## Task goal
Below are the entries. Print only the lines starting at the one with "非凡国际电子城荣获 2016年天下商品生意市场系统十大电子类领军市场" and ending at the one with "- Click on the", exactly, with no pictures.

## Input material
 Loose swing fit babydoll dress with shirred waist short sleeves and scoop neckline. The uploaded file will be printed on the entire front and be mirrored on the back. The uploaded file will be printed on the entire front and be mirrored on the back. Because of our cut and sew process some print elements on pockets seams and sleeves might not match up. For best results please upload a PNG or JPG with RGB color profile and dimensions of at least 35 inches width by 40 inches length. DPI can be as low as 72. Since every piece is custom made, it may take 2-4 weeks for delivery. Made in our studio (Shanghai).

--

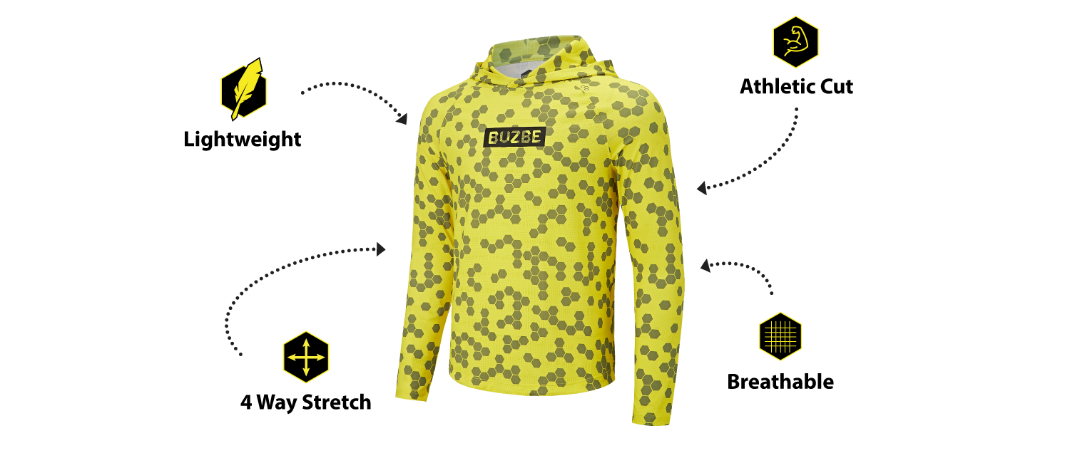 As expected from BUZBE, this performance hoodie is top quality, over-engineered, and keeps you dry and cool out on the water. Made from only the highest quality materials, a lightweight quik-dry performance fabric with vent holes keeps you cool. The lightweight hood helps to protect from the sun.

==

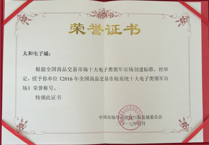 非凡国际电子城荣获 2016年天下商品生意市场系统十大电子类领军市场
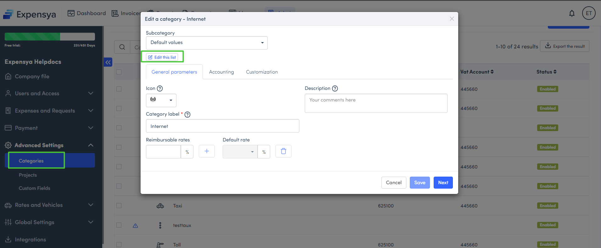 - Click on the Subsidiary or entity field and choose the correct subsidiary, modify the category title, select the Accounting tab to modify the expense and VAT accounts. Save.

## Your solution
 非凡国际电子城荣获 2016年天下商品生意市场系统十大电子类领军市场
 - Click on the Subsidiary or entity field and choose the correct subsidiary, modify the category title, select the Accounting tab to modify the expense and VAT accounts. Save.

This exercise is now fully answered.